Given records.

###

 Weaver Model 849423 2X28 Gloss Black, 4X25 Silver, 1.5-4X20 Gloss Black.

###

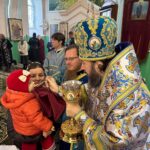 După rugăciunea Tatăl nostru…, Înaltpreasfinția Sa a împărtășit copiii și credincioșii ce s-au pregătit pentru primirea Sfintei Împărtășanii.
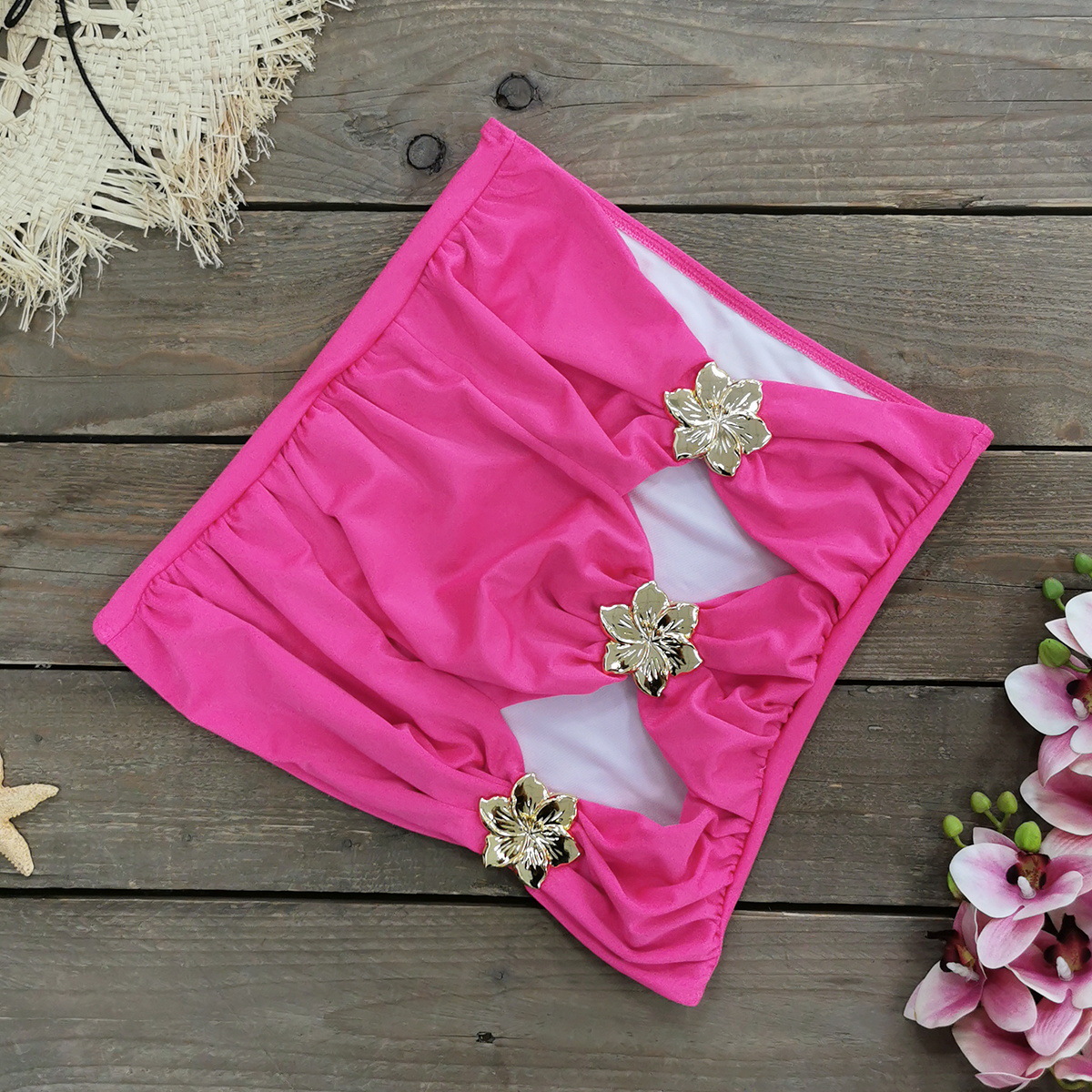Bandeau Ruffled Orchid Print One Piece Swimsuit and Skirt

###

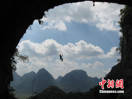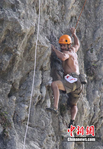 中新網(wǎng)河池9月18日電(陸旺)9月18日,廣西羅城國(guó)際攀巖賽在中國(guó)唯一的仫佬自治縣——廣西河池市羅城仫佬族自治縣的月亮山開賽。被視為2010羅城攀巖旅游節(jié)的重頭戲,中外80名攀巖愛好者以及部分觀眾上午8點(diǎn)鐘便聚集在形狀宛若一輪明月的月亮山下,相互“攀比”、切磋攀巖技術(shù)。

###

Work item. Would you give again, exactly, the lines in the data above that run from the line containing "După rugăciunea Tatăl" to the line containing "Bandeau Ruffled Orchid"? Include both ends and no pictures.

Solution.
 După rugăciunea Tatăl nostru…, Înaltpreasfinția Sa a împărtășit copiii și credincioșii ce s-au pregătit pentru primirea Sfintei Împărtășanii.
Bandeau Ruffled Orchid Print One Piece Swimsuit and Skirt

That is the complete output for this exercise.